Data records:
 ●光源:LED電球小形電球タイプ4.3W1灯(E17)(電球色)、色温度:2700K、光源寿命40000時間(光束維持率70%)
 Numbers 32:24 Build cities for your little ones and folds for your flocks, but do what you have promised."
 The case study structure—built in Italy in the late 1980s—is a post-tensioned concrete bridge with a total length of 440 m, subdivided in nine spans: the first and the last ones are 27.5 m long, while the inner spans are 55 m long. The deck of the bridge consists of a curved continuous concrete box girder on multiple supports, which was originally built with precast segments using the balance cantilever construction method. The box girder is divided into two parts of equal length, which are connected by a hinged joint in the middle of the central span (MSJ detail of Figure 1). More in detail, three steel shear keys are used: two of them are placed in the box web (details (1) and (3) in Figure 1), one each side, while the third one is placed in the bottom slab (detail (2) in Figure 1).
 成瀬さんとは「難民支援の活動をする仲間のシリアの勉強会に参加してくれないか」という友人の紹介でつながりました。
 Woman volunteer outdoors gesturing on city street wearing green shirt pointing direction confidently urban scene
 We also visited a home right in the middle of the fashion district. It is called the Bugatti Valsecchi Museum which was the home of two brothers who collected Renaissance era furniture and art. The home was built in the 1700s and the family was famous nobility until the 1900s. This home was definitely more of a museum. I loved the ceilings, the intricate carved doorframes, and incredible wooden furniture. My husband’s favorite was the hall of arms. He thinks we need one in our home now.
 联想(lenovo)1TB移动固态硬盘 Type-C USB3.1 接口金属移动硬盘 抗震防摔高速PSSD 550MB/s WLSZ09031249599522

What the task asks - Scan the data above, find each line with "which", and copy it.

Response to this exercise -
 The case study structure—built in Italy in the late 1980s—is a post-tensioned concrete bridge with a total length of 440 m, subdivided in nine spans: the first and the last ones are 27.5 m long, while the inner spans are 55 m long. The deck of the bridge consists of a curved continuous concrete box girder on multiple supports, which was originally built with precast segments using the balance cantilever construction method. The box girder is divided into two parts of equal length, which are connected by a hinged joint in the middle of the central span (MSJ detail of Figure 1). More in detail, three steel shear keys are used: two of them are placed in the box web (details (1) and (3) in Figure 1), one each side, while the third one is placed in the bottom slab (detail (2) in Figure 1).
 We also visited a home right in the middle of the fashion district. It is called the Bugatti Valsecchi Museum which was the home of two brothers who collected Renaissance era furniture and art. The home was built in the 1700s and the family was famous nobility until the 1900s. This home was definitely more of a museum. I loved the ceilings, the intricate carved doorframes, and incredible wooden furniture. My husband’s favorite was the hall of arms. He thinks we need one in our home now.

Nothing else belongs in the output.